# THE TASK
For each entry, output its words exactly and leave any picture behind.

(Data records)

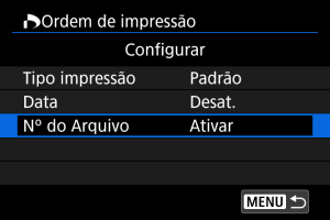 - Defina as opções [Tipo impressão], [Data] e [Nº do Arquivo].
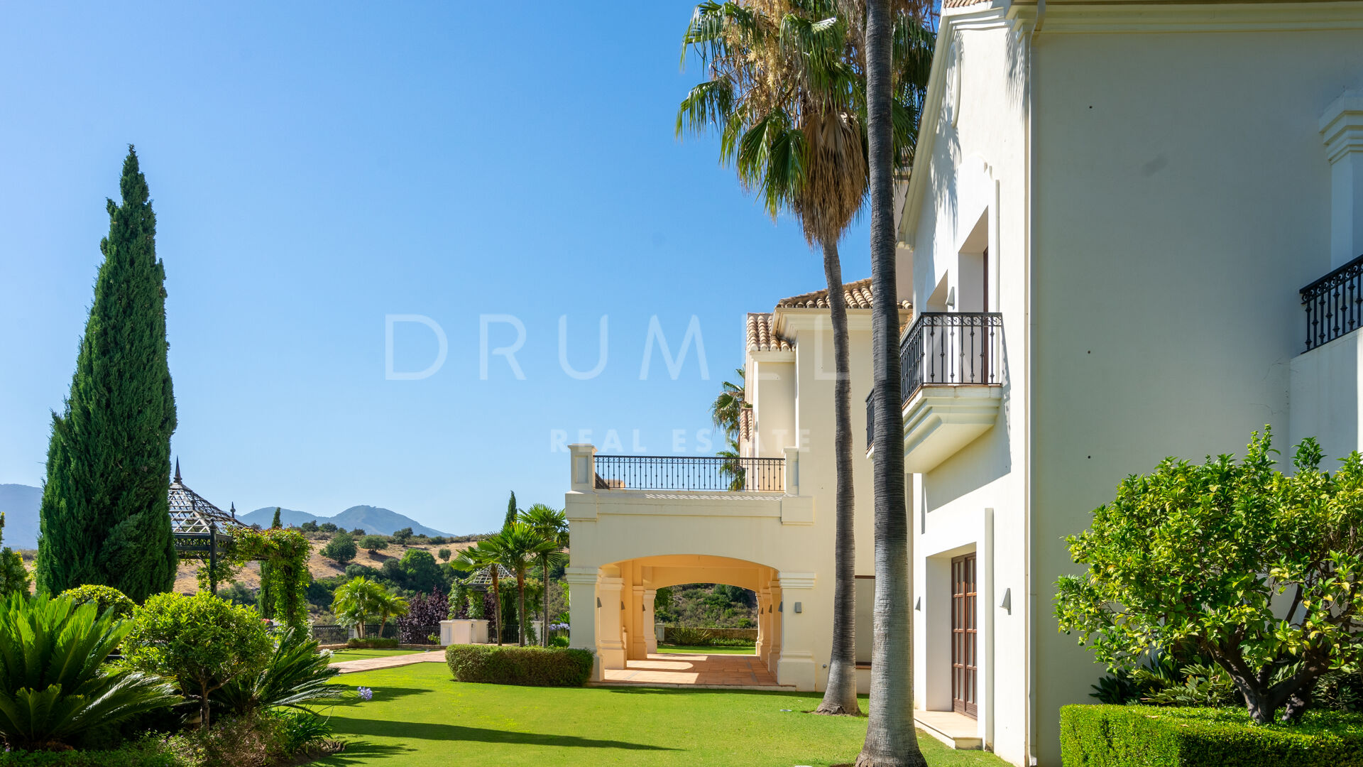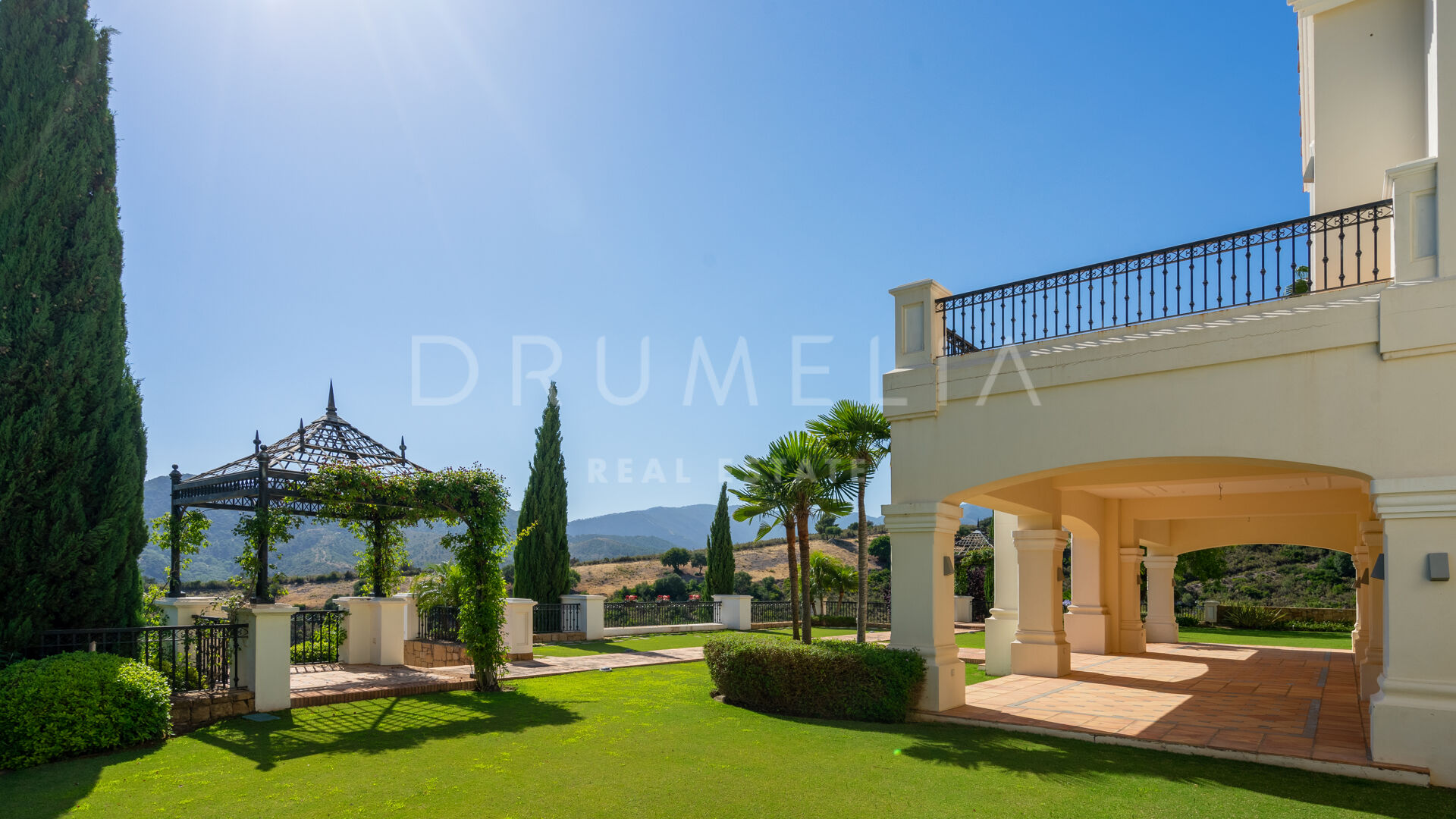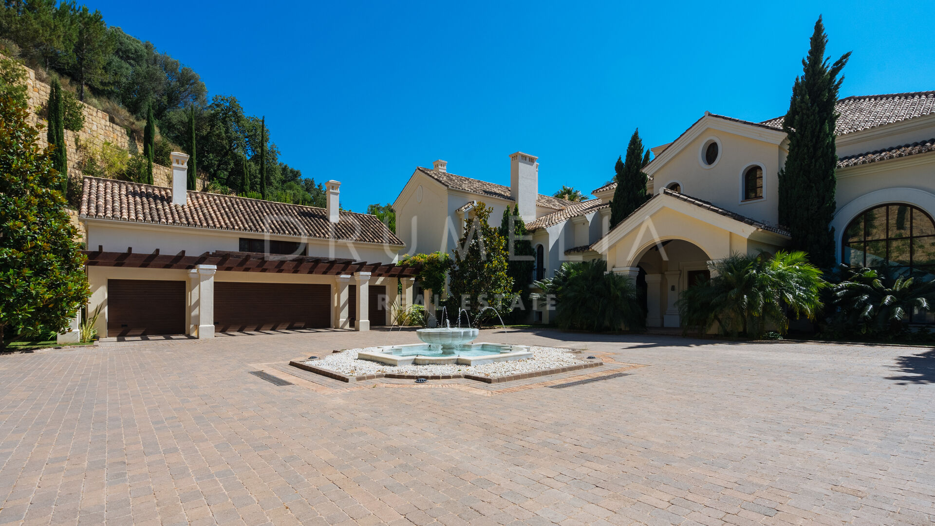 Im Außenbereich laden die 252 m² großen Terrassen, die herrlich angelegten Gärten, der große Swimmingpool, die Lounges, die Sonnenliegen, die Essbereiche im Freien und die Grillplätze dazu ein, die friedliche Aussicht, das beste Klima in Kontinentaleuropa und den herrlichen, exklusiven mediterranen Lebensstil zu genießen. Das mit viel Liebe zum Detail errichtete Luxushaus befindet sich in einem ausgezeichneten Zustand und verfügt über viele luxuriöse und moderne Ausstattungsmerkmale. Es verfügt über einen Kamin, Marmorböden und eine individuelle Fußbodenheizung, ein Hausautomatisierungssystem, eine Klimaanlage (warm und kalt), ein zentrales Musik- und Mediensystem im ganzen Haus, französische Türen, Einbauschränke, Doppelverglasung, einen behindertengerechten Zugang, usw. Ein Aufzug verbindet alle Etagen miteinander. Eine große Garage bietet Platz für 4 Autos. Überwachungskameras, ein Pförtner, ein 24-Stunden-Sicherheitsdienst und ein streng kontrollierter Zugang zur Gated Community geben dir ein Gefühl der Sicherheit.
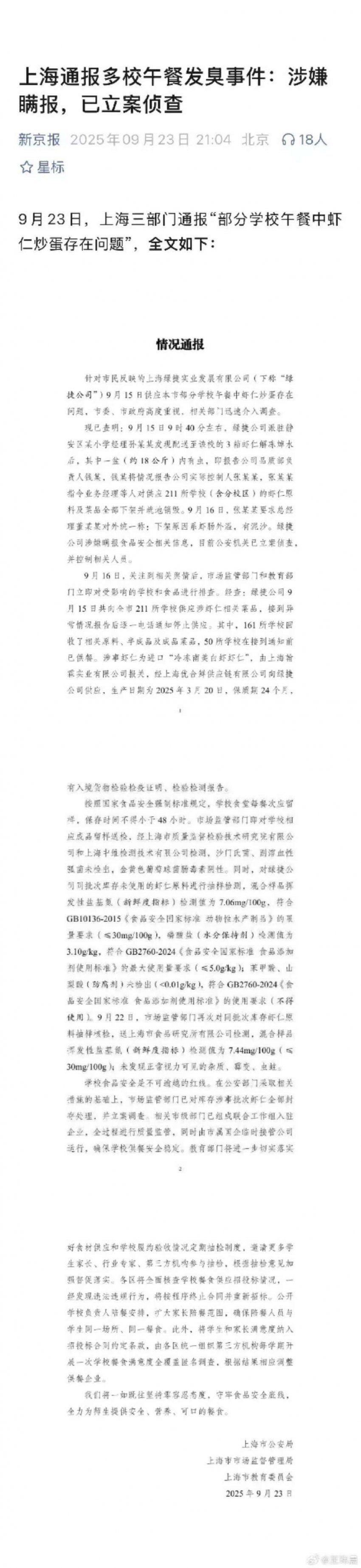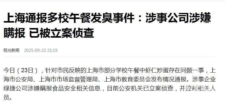 上海通报多校午餐发臭事件:涉事公司涉嫌瞒报 已被立案侦查
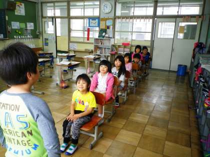 「なんばんめ」の学習をしています。一列に並び「まえから○人」や「うしろから○人目」という言葉に合わせて立ち,理解を深めました。
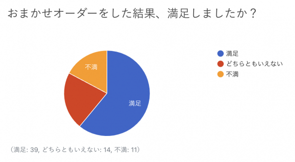 ■おまかせオーダーの満足度、6割以上が「満足」と回答。
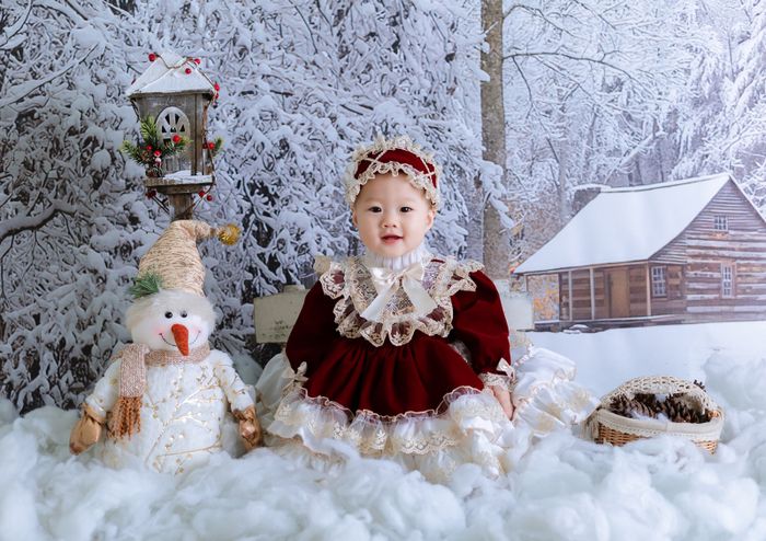 - Bé được chụp trong 3 bối cảnh khác nhau, bố mẹ có thể chọn bối cảnh ưa thích tại Hạnh Phúc Bé Yêu Studio và thậm chí có thể chụp chung với con.
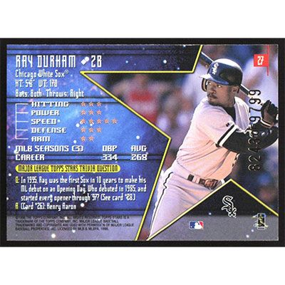 This is a 1998 Topps Stars Ray Durham baseball card. The card is #27 and pictures show condition. This card is limited; #'d 8243/9799. Team(s): Chicago White Sox
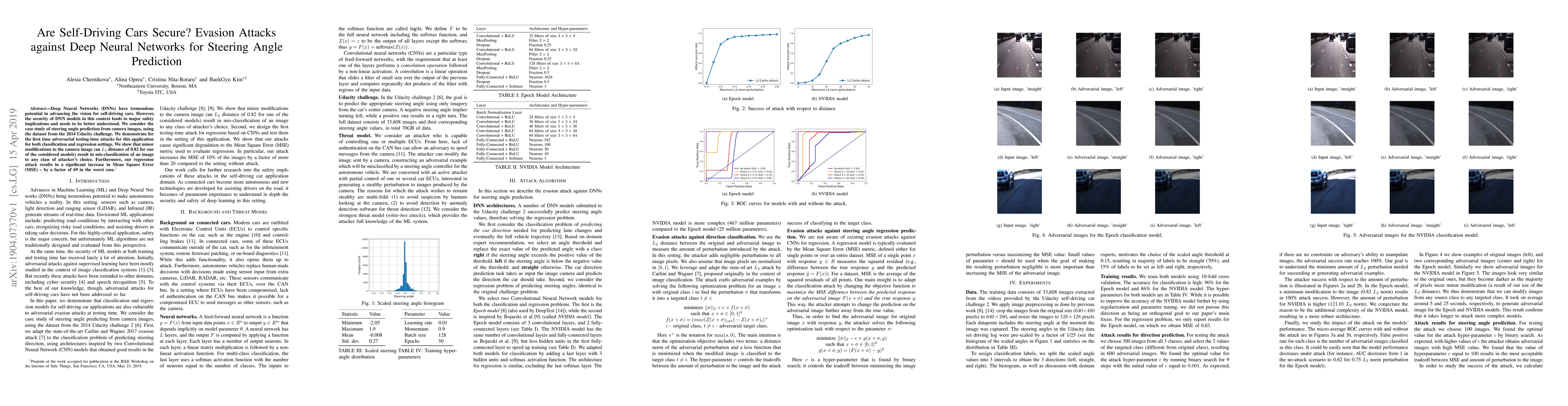 This paper investigates security vulnerabilities in Deep Neural Networks (DNNs) used for self-driving car steering angle prediction, revealing that minor adversarial modifications to camera images can misclassify the steering angle, leading to severe safety risks. The study demonstrates significant Mean Square Error increases in regression attacks, highlighting the need for robust security measures.

# OUTPUT BELOW
 - Defina as opções [Tipo impressão], [Data] e [Nº do Arquivo].
 Im Außenbereich laden die 252 m² großen Terrassen, die herrlich angelegten Gärten, der große Swimmingpool, die Lounges, die Sonnenliegen, die Essbereiche im Freien und die Grillplätze dazu ein, die friedliche Aussicht, das beste Klima in Kontinentaleuropa und den herrlichen, exklusiven mediterranen Lebensstil zu genießen. Das mit viel Liebe zum Detail errichtete Luxushaus befindet sich in einem ausgezeichneten Zustand und verfügt über viele luxuriöse und moderne Ausstattungsmerkmale. Es verfügt über einen Kamin, Marmorböden und eine individuelle Fußbodenheizung, ein Hausautomatisierungssystem, eine Klimaanlage (warm und kalt), ein zentrales Musik- und Mediensystem im ganzen Haus, französische Türen, Einbauschränke, Doppelverglasung, einen behindertengerechten Zugang, usw. Ein Aufzug verbindet alle Etagen miteinander. Eine große Garage bietet Platz für 4 Autos. Überwachungskameras, ein Pförtner, ein 24-Stunden-Sicherheitsdienst und ein streng kontrollierter Zugang zur Gated Community geben dir ein Gefühl der Sicherheit.
 上海通报多校午餐发臭事件:涉事公司涉嫌瞒报 已被立案侦查
 「なんばんめ」の学習をしています。一列に並び「まえから○人」や「うしろから○人目」という言葉に合わせて立ち,理解を深めました。
 ■おまかせオーダーの満足度、6割以上が「満足」と回答。
 - Bé được chụp trong 3 bối cảnh khác nhau, bố mẹ có thể chọn bối cảnh ưa thích tại Hạnh Phúc Bé Yêu Studio và thậm chí có thể chụp chung với con.
 This is a 1998 Topps Stars Ray Durham baseball card. The card is #27 and pictures show condition. This card is limited; #'d 8243/9799. Team(s): Chicago White Sox
 This paper investigates security vulnerabilities in Deep Neural Networks (DNNs) used for self-driving car steering angle prediction, revealing that minor adversarial modifications to camera images can misclassify the steering angle, leading to severe safety risks. The study demonstrates significant Mean Square Error increases in regression attacks, highlighting the need for robust security measures.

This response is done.